Luego de la junta, Justin se sentó junto a la computadora mientras Alex regresaba a la subestación. Le extrañó mucho ver a alguien nueva en los lugares que ocupaban Hannah y Lola, y fue con ellas. Para su mala fortuna, es notada por Jackson y Rico, quienes disputan charlar con ella y, en consecuencia, provocan que se aleje.
—¿Es que ustedes siempre tienen que evitar por todos los medios comportarse?— pregunta en ironía Robbie.
—Pero pa, digo Robbie Ray—. Se indigna su hijo. —Yo merezco amor, me niego a que mi competencia sea un niño como este.
—Y este niño te paga—. El patrón de éste se encarga de exhibirlo.
Alex se dirige al tocador y se topa con Miley y Lilly, a quienes no ignora, pero ella buscaba a Hannah Montana, a quien no encuentra por ningún lugar.
—Mamá, ¿no has visto a Hannah Montana y a su amiga de peluca rara?— consulta con Theresa.
—No lo sé, Alex, si está en el baño por algo será—. Sugiere la señora sin dejar de ver de reojo a Robbie. —Recuerda que en unos días tiene concierto y debe desahogarse como pueda para llegar tranquila.

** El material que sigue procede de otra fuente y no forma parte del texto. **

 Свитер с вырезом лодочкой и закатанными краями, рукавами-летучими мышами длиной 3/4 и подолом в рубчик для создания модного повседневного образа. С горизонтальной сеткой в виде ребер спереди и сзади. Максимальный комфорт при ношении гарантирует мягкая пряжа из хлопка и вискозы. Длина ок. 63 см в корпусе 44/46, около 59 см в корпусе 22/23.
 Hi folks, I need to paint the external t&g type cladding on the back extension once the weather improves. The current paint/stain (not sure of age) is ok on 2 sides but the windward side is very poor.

—¿Pero tiene que ser en la subestación?— continúa molesta aquélla.
—Oigan ¿qué está pasando aquí que nadie me informa…?— estaba diciendo Justin cuando, viendo hacia las mesas, encuentra a Miley y queda prendado cuando ésta en incidencia cruza miradas con él. La jovencita se levanta y Alex aprovecha para empujar a su hermano, quien tropieza y derriba a la cantante, quedando demasiado cerca de ella. Media hora después al fin reacciona el aprendiz de hechicero y se disculpa mientras la ayuda a levantarse.

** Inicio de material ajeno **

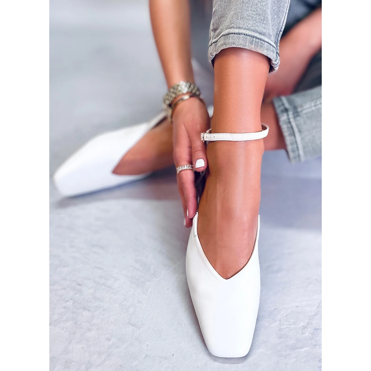 Ballerines femme à talon ouvert. Ce modèle unique a la coupe la plus en vogue avec des bouts carrés et une attache autour de la cheville. Elles décoreront à coup sûr vos tenues 🙂 Vous pouvez craquer pour ces chaussures ! Matériau extérieur – cuir écologique.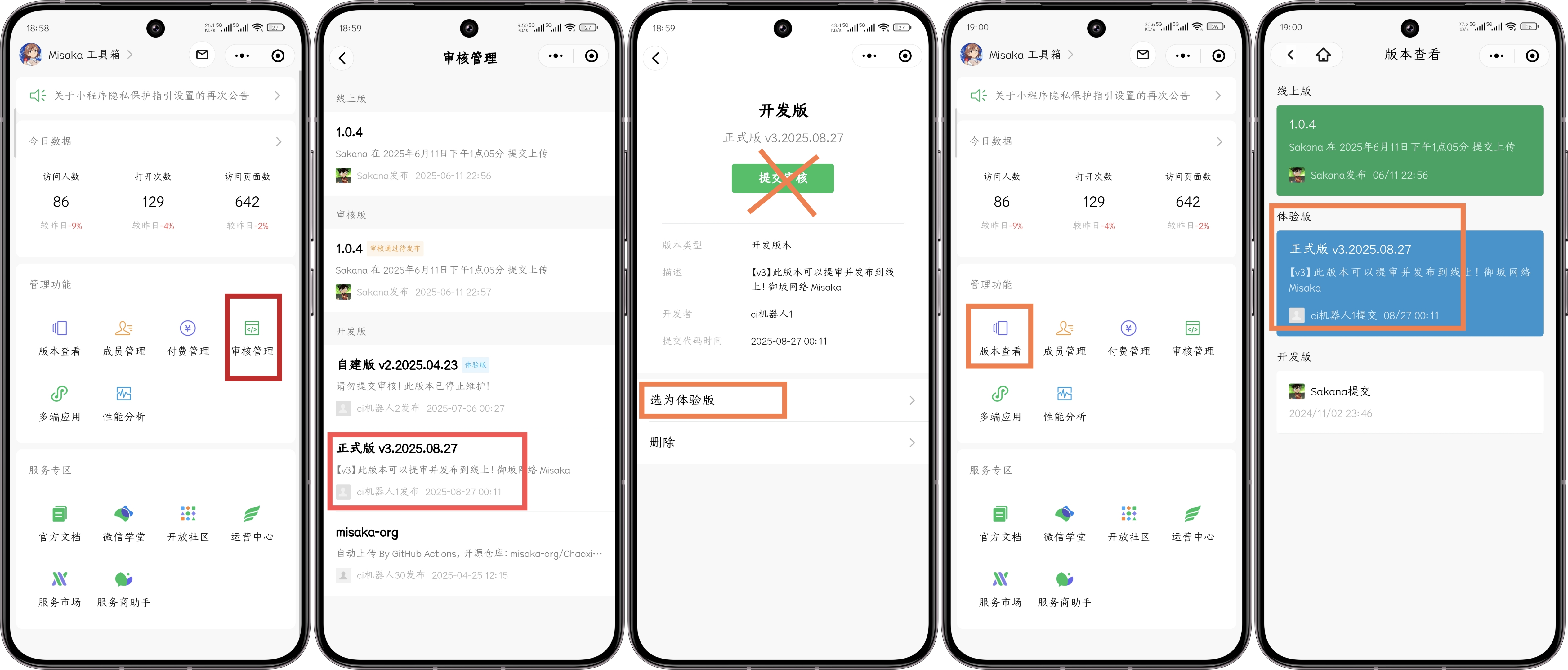 - 按图示,进审核管理,将 v3 版本设置为体验版,不要提交审核。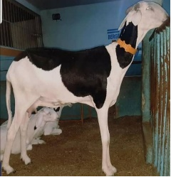 Monstre, c’est un très joli mâle issu d’une très bonne lignée. Il est descendant direct de Algore/Birahim coté père et Flavia/Diallo. Il est un sujet très beau à voir de par la couleur de sa robe ( noire dominante et blanche), la longueur de sa queue, la taille de sa tête (grosse), la symétrie de ses cornes et la silhouette de son ossature. Ces mensurations lui ont valu d’être, entre autres de sa génération, un des meilleurs mâles qui a marqué son empreinte dans l’élevage du ladoum. De ce qui précède, l’on retient que c’est un mâle au capital génétique exceptionnel laissant derrière lui une bonne progéniture qui continue d’impressionner le monde de l’élevage et de contribuer à l’amélioration de la race. Entre autres, ses fils et petits-fils sont champions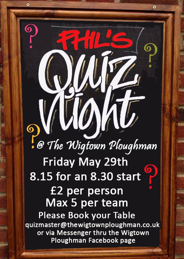 We are taking bookings for Phil’s Quiz Night! This gets booked fast… As per usual, to book in, email quizmaster@thewigtownploughman.co.uk

—Disculpa la torpeza de mi hermana… ¿estás bien?— sigue.
—Sí, aunque sentí que me cayó un tren—. Comenta Miley. —Bueno, me llamo Miley Stewart.
—Justin—. Se presenta después de un rato mudo. —Justin Russo. Trabajo aquí así que si necesitas algo…
—Bueno, necesito que no vuelvas a caer sobre mí—. Reclama ella antes de irse a sentar.
El hermano mayor de los Russo huye hasta la guarida donde grita y grita hasta casi quedarse afónico. Simplemente porque conoció a una chica que no parece ser mujer loba ni vampiresa, sino una persona común y corriente.
—Oye, Justin, ¿por qué tanto alboroto?— le pregunta Max, que fue después de oír el gritadero.
—Conocí a una chica que es normal—. Contesta con la voz que le queda.
—¿Quién es? ¿La he visto?— Sigue el menor.
—Está abajo en la subestación, es angelical, su voz es tan linda…— la enaltece aquél.
—¿Justin intentará conquistar a alguien que no es mujer loba ni vampiresa? ¡Es hora de festejar!— grita Jerry.
—¿Alguien más sintió un temblor?— Pregunta Robbie.